▶ **Exercise materials**:
*** Begin section ***
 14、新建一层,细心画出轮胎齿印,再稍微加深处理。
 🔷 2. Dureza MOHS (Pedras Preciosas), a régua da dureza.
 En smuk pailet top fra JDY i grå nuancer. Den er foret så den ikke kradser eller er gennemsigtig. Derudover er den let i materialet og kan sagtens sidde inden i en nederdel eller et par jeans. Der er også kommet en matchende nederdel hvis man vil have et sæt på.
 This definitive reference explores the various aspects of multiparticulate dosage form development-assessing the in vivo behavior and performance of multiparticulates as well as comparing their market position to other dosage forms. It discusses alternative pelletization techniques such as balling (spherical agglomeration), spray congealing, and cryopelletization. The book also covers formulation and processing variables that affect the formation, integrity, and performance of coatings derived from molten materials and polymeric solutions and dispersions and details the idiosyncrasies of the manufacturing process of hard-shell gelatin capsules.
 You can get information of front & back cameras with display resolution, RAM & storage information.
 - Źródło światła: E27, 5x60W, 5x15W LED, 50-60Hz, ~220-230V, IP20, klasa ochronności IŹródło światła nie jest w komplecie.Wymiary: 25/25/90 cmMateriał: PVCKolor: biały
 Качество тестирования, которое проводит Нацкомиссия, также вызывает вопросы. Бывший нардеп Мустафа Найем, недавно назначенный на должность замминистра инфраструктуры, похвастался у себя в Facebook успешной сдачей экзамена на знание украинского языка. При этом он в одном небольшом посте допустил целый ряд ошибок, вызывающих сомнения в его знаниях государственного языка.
*** End section ***
*** Begin section ***
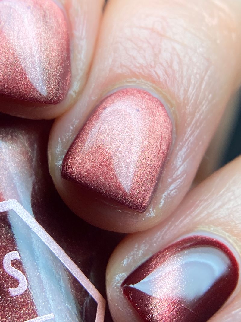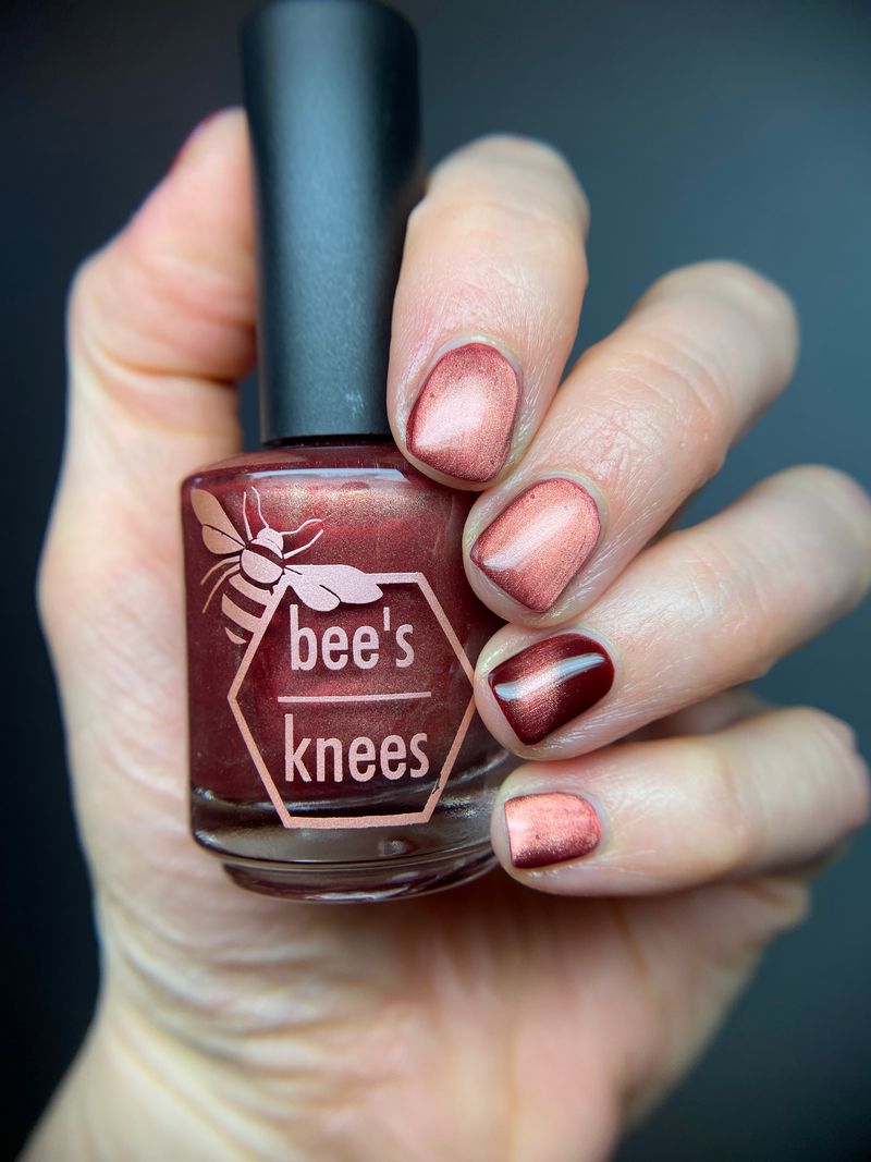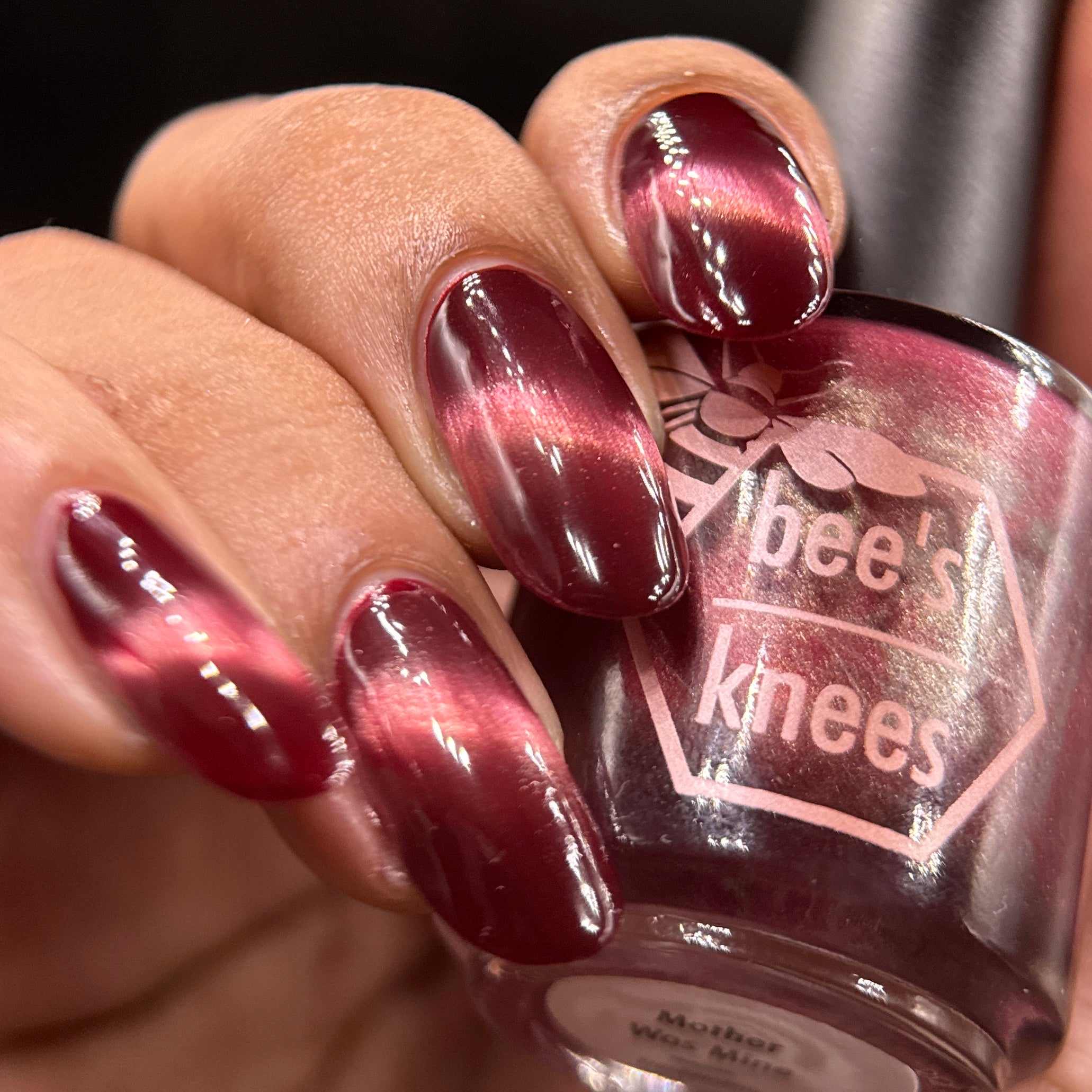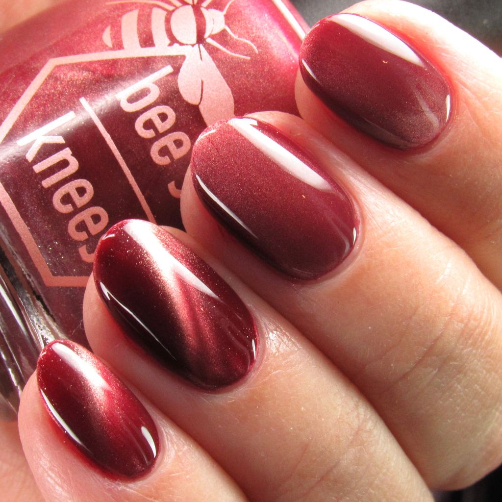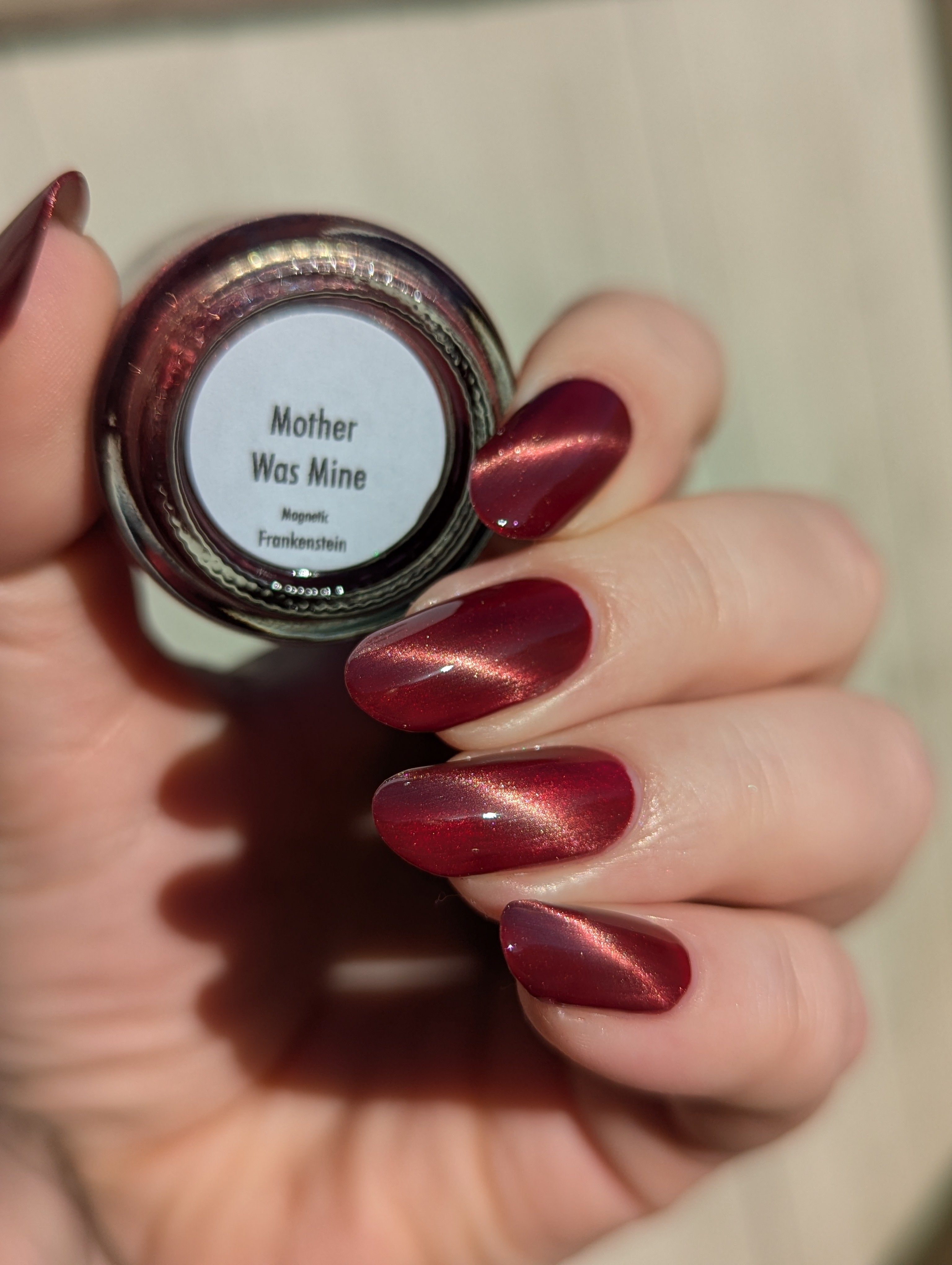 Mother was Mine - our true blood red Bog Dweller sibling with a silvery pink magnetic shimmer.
*** End section ***
▶ **What is expected**:
Please return only the lines above, starting at the line that has "- Źródło światła: E27, 5x60W, 5x15W" and ending at the line that has "Качество тестирования, которое", keeping both and leaving each one unchanged.

▶ **Exercise solution**:
 - Źródło światła: E27, 5x60W, 5x15W LED, 50-60Hz, ~220-230V, IP20, klasa ochronności IŹródło światła nie jest w komplecie.Wymiary: 25/25/90 cmMateriał: PVCKolor: biały
 Качество тестирования, которое проводит Нацкомиссия, также вызывает вопросы. Бывший нардеп Мустафа Найем, недавно назначенный на должность замминистра инфраструктуры, похвастался у себя в Facebook успешной сдачей экзамена на знание украинского языка. При этом он в одном небольшом посте допустил целый ряд ошибок, вызывающих сомнения в его знаниях государственного языка.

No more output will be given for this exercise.